Task details:
Your answer must be an exact copy of the records below, with no pictures in it.

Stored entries

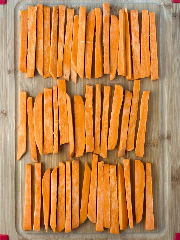 - Remove ends from sweet potatoes with a knife and cut into desired shape. I went with a more traditional longer and thinner fry.
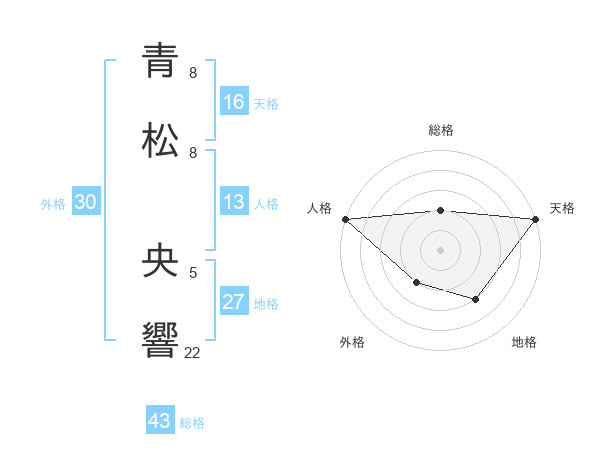 青松 央響さんの天格は16画の5点!
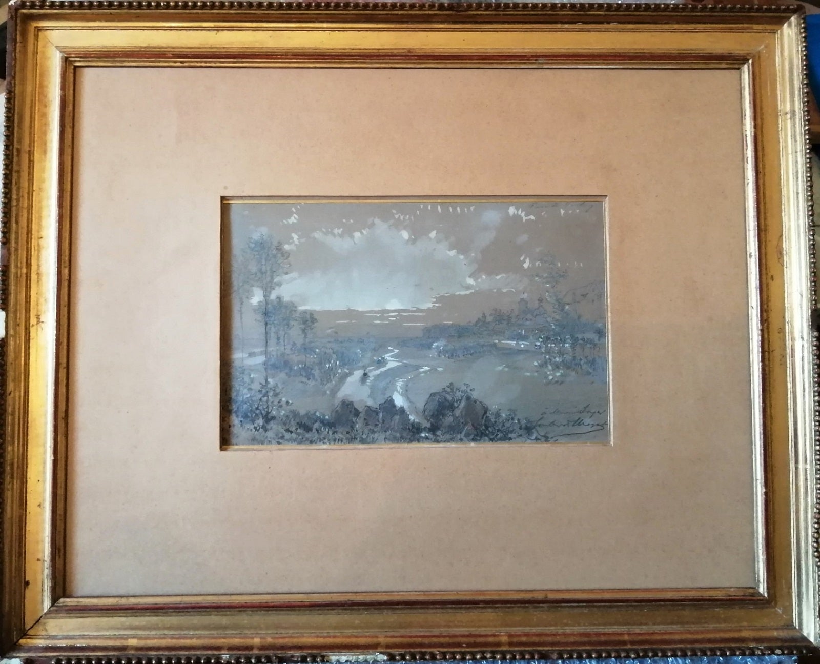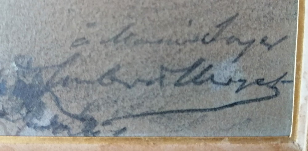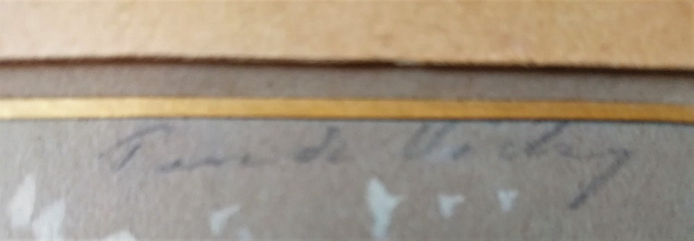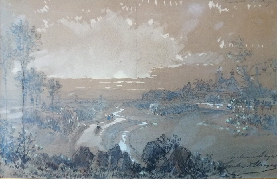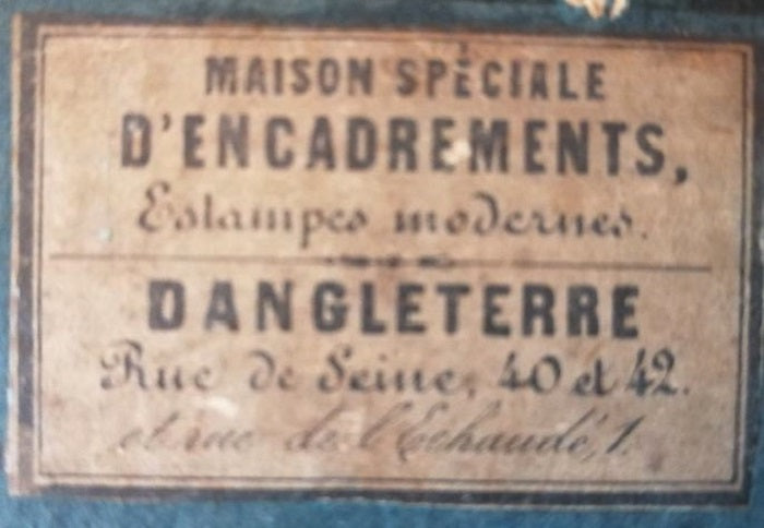 Dessin par Hubert-Clerget (Dijon, 28 juillet 1818 † St-Denis, 4 mars 1899), mine de plomb et lavis, signé en bd avec envoi à Monsieur [S]oyer | Hubert Clerget, titré en hd Parc de Vichy. La feuille 210*315 mm, sous passe-partout 347*445 mm, la vue 155*248 mm, encadrement 415*510 mm. Vue de la vieille ville de Vichy prise en amont de l’Allier avec à droite les ruines du couvent des Célestins surplombant les nouveaux bâtiments de la Source des Célestins (Salle et kiosque/buvette), le clocher de l’église Saint-Blaise, la Tour de France, le Castel-Franc, les bords de l’Allier, le pont reliant Vesse (aujourd’hui Bellerive-sur-Allier) à Vichy. Le paysage est animé par deux groupes personnages soulignés par une pointe de couleurs, l’un au milieu de la rivière asséchée, l’autre sur le parc face à la Source des Célestins. Au verso, étiquette de l’encadreur MAISON SPÉCIALISÉE | D’ENCADREMENTS. | Estampes modernes. | DANGLETERRE | Rue de Seine, 40 et 42 | et rue de l’Échaudé, 1.
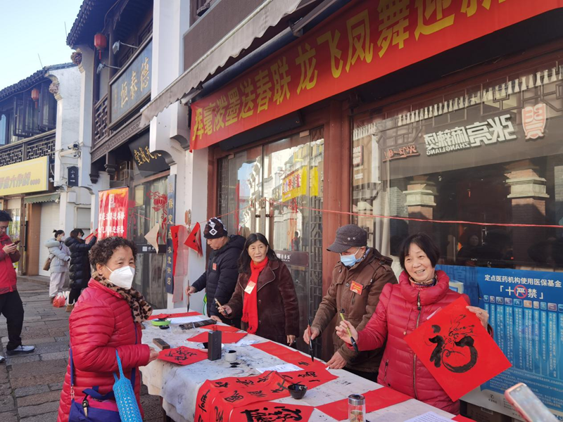 书法好手们挥毫泼墨,笔走游龙,不一会儿一句句新春寄语跃然纸上,湖城古街散发着清淡墨香,挂满了春联“福”字,现场一片浓浓的年味。参与活动的群众一边欣赏书法,一边品评着春联蕴含的吉祥寓意,墨迹未干便已被收入囊中。
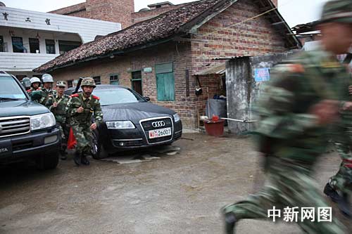 石順兵殺人后逃至一座方圓三平方公里、名為“大紅山”的荒山上藏匿。當日下午,河池市武警官兵、公安民警等四百多人集結在山上進行地毯式搜山。下午四點多,幾名武警發(fā)現山上一塊巖石下的草叢中竄出一人,其見到武警后又立即回竄,三名武警遂躍上前去。面對三個黑洞洞的槍口,石順兵舉起雙手說:“我投降!”
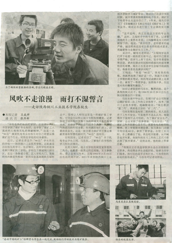 在校園里,記者采訪了 “90后”井下機(jī)電專業(yè)學(xué)生王闖、馬東東,了解他們?cè)趯W(xué)校的學(xué)習(xí)和生活情況。
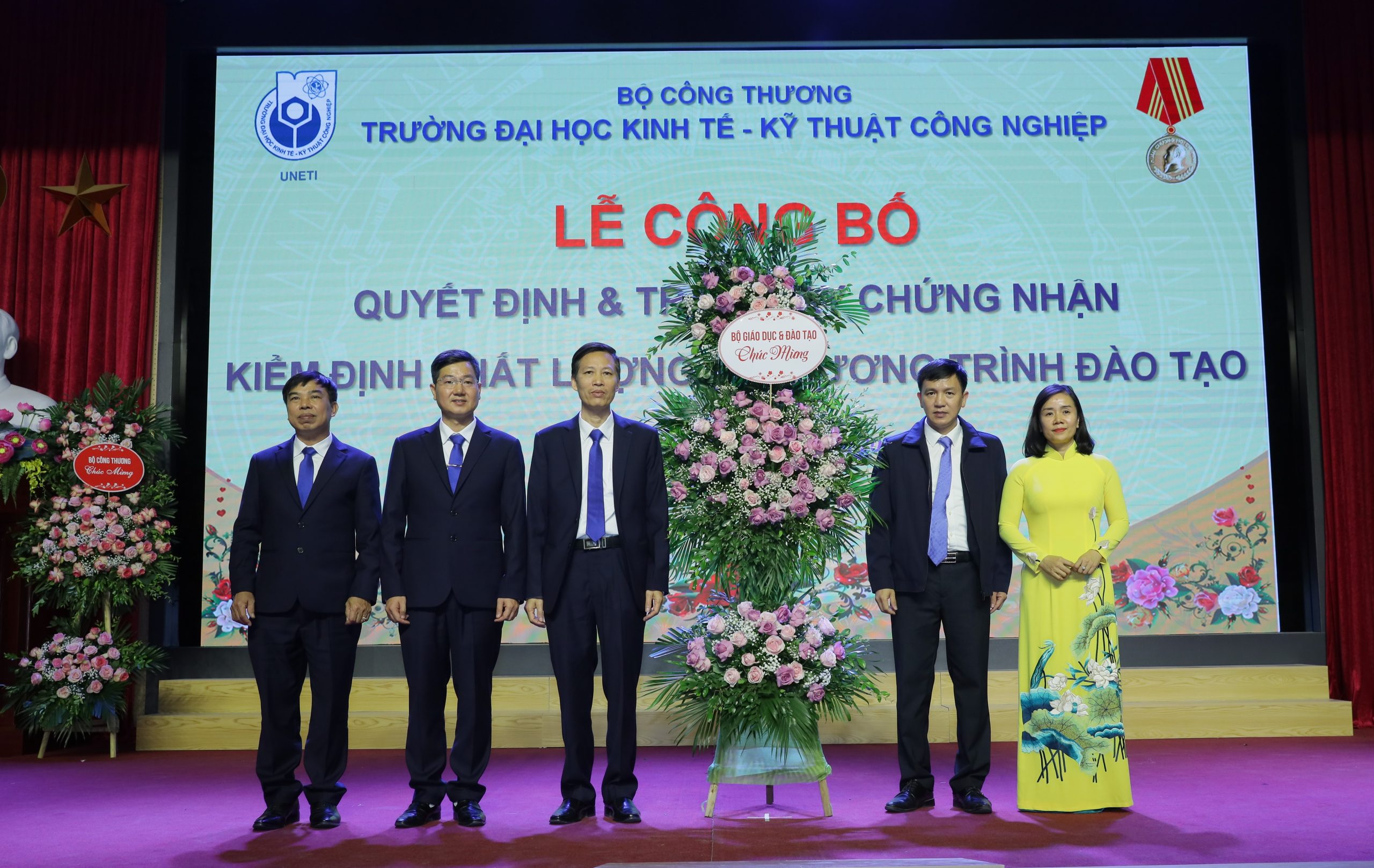 PGS.TS. Phạm Quốc Khánh – Phó Cục trưởng Cục Quản lý chất lượng – Bộ Giáo dục và Đào tạo và PGS.TS Nguyễn Phương Nga chụp ảnh lưu niệm với lãnh đạo Nhà trường và lãnh đạo 3 ngành đạt chuẩn kiểm định CLGD tại buổi lễ
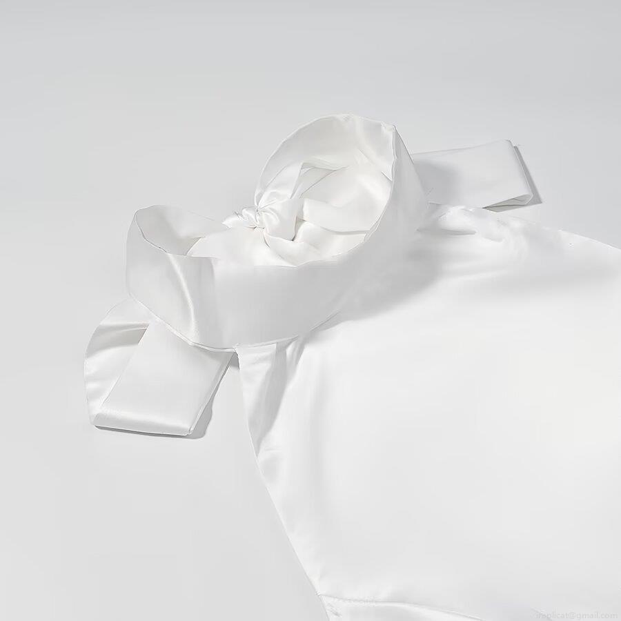 • Satin Halter Mini Dress With 3D Flower Ruffle Hem And Large Back Bow Sexy Backless Bodycon Party Dress For Women White Summer Evening Dress

Result for this task:
 - Remove ends from sweet potatoes with a knife and cut into desired shape. I went with a more traditional longer and thinner fry.
 青松 央響さんの天格は16画の5点!
 Dessin par Hubert-Clerget (Dijon, 28 juillet 1818 † St-Denis, 4 mars 1899), mine de plomb et lavis, signé en bd avec envoi à Monsieur [S]oyer | Hubert Clerget, titré en hd Parc de Vichy. La feuille 210*315 mm, sous passe-partout 347*445 mm, la vue 155*248 mm, encadrement 415*510 mm. Vue de la vieille ville de Vichy prise en amont de l’Allier avec à droite les ruines du couvent des Célestins surplombant les nouveaux bâtiments de la Source des Célestins (Salle et kiosque/buvette), le clocher de l’église Saint-Blaise, la Tour de France, le Castel-Franc, les bords de l’Allier, le pont reliant Vesse (aujourd’hui Bellerive-sur-Allier) à Vichy. Le paysage est animé par deux groupes personnages soulignés par une pointe de couleurs, l’un au milieu de la rivière asséchée, l’autre sur le parc face à la Source des Célestins. Au verso, étiquette de l’encadreur MAISON SPÉCIALISÉE | D’ENCADREMENTS. | Estampes modernes. | DANGLETERRE | Rue de Seine, 40 et 42 | et rue de l’Échaudé, 1.
 书法好手们挥毫泼墨,笔走游龙,不一会儿一句句新春寄语跃然纸上,湖城古街散发着清淡墨香,挂满了春联“福”字,现场一片浓浓的年味。参与活动的群众一边欣赏书法,一边品评着春联蕴含的吉祥寓意,墨迹未干便已被收入囊中。
 石順兵殺人后逃至一座方圓三平方公里、名為“大紅山”的荒山上藏匿。當日下午,河池市武警官兵、公安民警等四百多人集結在山上進行地毯式搜山。下午四點多,幾名武警發(fā)現山上一塊巖石下的草叢中竄出一人,其見到武警后又立即回竄,三名武警遂躍上前去。面對三個黑洞洞的槍口,石順兵舉起雙手說:“我投降!”
 在校園里,記者采訪了 “90后”井下機(jī)電專業(yè)學(xué)生王闖、馬東東,了解他們?cè)趯W(xué)校的學(xué)習(xí)和生活情況。
 PGS.TS. Phạm Quốc Khánh – Phó Cục trưởng Cục Quản lý chất lượng – Bộ Giáo dục và Đào tạo và PGS.TS Nguyễn Phương Nga chụp ảnh lưu niệm với lãnh đạo Nhà trường và lãnh đạo 3 ngành đạt chuẩn kiểm định CLGD tại buổi lễ
 • Satin Halter Mini Dress With 3D Flower Ruffle Hem And Large Back Bow Sexy Backless Bodycon Party Dress For Women White Summer Evening Dress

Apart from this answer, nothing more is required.